We've got 2 NAS devices, one in the office, one in the datacentre. The servers in the DC back up to the DC NAS, which is then replicated to the Office NAS.

The office NAS exports shares as CIFS and NFS, this bit is fine. At some point, I'll have to expand our storage capacity, currently we've got about 1.4TB of storage space, which is about 96% full.

Previously, the tape backup was a script that ran tar a few times and squirted data onto a tape. It worked, but was by no means a perfect solution. Restores are a bit of a pest, adding new data to the backup requires editing the script as root.
It's just all a bit non-ideal.

I've been evaluating a number of "enterprise" ready backup solutions, such as Yosemite Backup from Barracuda, Acronis Backup/Restore, and something from Arkeia.

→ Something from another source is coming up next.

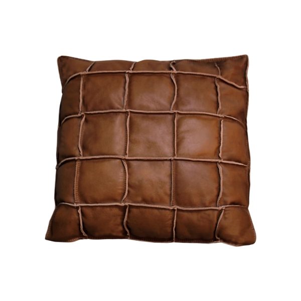 Almohadón Cuero 48×48cm Fio Código: 0000359-17005 Color: Marrón Medidas: 0,14×0,48×0,48cm Compasión: Fibra sintética y 100%Cuero

In the process of evaluating these, I've found 2 big problems.

  1. Not all of them allow backup of mounted devices (such as a NFS mounted NAS)

  2. Many of these applications don't like our tape device.

For the most part, (1) is essential. Our NAS has a feeble processor and can't run applications like backup agents.

I suspect that the biggest problem is the tape device, which is a HP C7438A DAT72 connected via USB.

Questions:

  1. Has anyone else got an USB DAT72 device working with similar software?
  2. Is there a better way to back up data from an "appliance" NAS device on which you can't run an agent?
  3. Would I be totally out of my mind to specify a cheap HP or Dell server with a couple of 1TB hard disks, and a SAS card to then talk to an HP Ultrium (or similar) device? The biggest drawback to this would be cost (400ish for the server, 200 for the SAS connectivity and 1700 for a LTO4 device)

Notes:

I'd love to be able to say that I'd get rid of tapes entirely, and use some form of hard disk backup. In a previous job, we had LaCie USB drives, which were decidedly unreliable.